Monday, November 02, 2009
With the sell off in the Dow on Friday following poor consumer spending data for September markets will enter this week in nervous mode especially with three lots of key data to contend with. We start today with the publication of the US manufacturing ISM for October which is expected to show further improvement on the level of 52.6 last month with the consensus standing around the 53 mark. On Wednesday we get the Non manufacturing ISM data for October which last month crept into positive territory at 50.9 which suggests economic expansion and this month the consensus is expecting a move to 51.6. On Friday we get the non farm payrolls which are as always the most anticipated piece of economic data for the month. With lingering concerns over the sustainability of the economic recovery the employment data does need to show an improving trend and the expectation for October is a 175,000 decline following on from the decline of 263,000 last month. Any disappointment over any of these numbers this week will spell bad news for the market.

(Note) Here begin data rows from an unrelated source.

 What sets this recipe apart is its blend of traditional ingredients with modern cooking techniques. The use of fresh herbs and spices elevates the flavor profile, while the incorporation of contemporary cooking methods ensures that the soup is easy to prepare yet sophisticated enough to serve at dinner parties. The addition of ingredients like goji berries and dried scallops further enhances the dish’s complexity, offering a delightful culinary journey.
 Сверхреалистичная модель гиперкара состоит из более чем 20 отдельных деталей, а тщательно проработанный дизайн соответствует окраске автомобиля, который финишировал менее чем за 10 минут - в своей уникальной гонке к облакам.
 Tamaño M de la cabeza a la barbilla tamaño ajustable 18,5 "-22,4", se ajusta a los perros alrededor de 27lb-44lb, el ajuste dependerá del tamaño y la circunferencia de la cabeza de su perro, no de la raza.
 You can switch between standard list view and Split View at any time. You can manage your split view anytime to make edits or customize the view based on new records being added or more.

We also have all of the Central banks meeting this week with the Bank of England and the ECB meeting on Thursday and the Federal Reserve announcing on Wednesday. Talk of tightening interest rates is not going to happen for a long time yet and the focus will again be on any comments relating to the ongoing stimulus packages.

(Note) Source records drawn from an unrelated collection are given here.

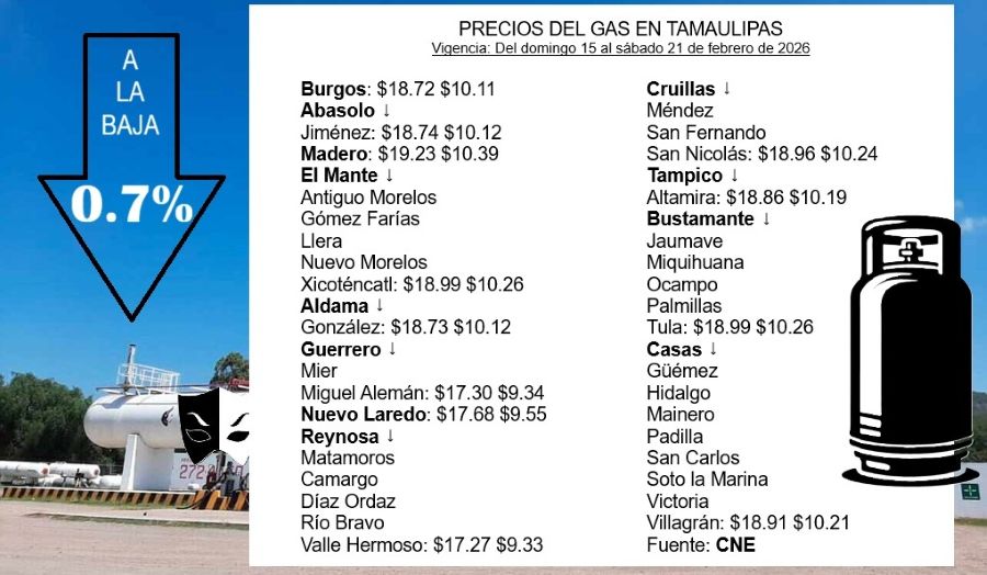 Los nuevos precios a partir de este domingo 15 de febrero, con vigencia hasta el sábado 21, para los municipios Casas, Güémez, Hidalgo, Mainero, Padilla, San Carlos, Soto la Marina, Victoria y Villagrán (región 196) son:
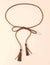 Introducing your versatile fashion piece: the Plaited Rope Tie Belt with Tassels. This tan-colored, thin belt is perfect for adding a boho-chic touch to any outfit. Its elegant design allows it to double as a tied necklace, offering endless styling possibilities.
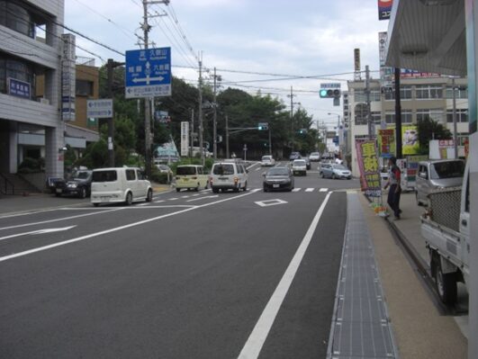 大学の前の広くなった道を振りかえる

We also have all of the Central banks meeting this week with the Bank of England and the ECB meeting on Thursday and the Federal Reserve announcing on Wednesday. Talk of tightening interest rates is not going to happen for a long time yet and the focus will again be on any comments relating to the ongoing stimulus packages.
Friday, October 30, 2009
The US GDP number was better than expectations at 3.5% annualised and brought some calm to a situation that good have resulted in a big sell off if the number had disappointed. The fourth quarter should generate a similar result and we will still have to see what revisions are going to be made to the Q3 figure over the coming weeks. The real issues will come in the second half of 2010 once the inventory cycle has played its part in helping GDP and the US is looking at ways to withdraw its stimulus measures. The cash for clunkers programme contributed 1.66% of the announced Q3 figure and we do not have this benefit going forward. A slip back to sub trend growth is almost a certainty and it remains to be seen how the market will react to that. In the meantime we appear to have an environment where world equity markets may well be able to rally a little more.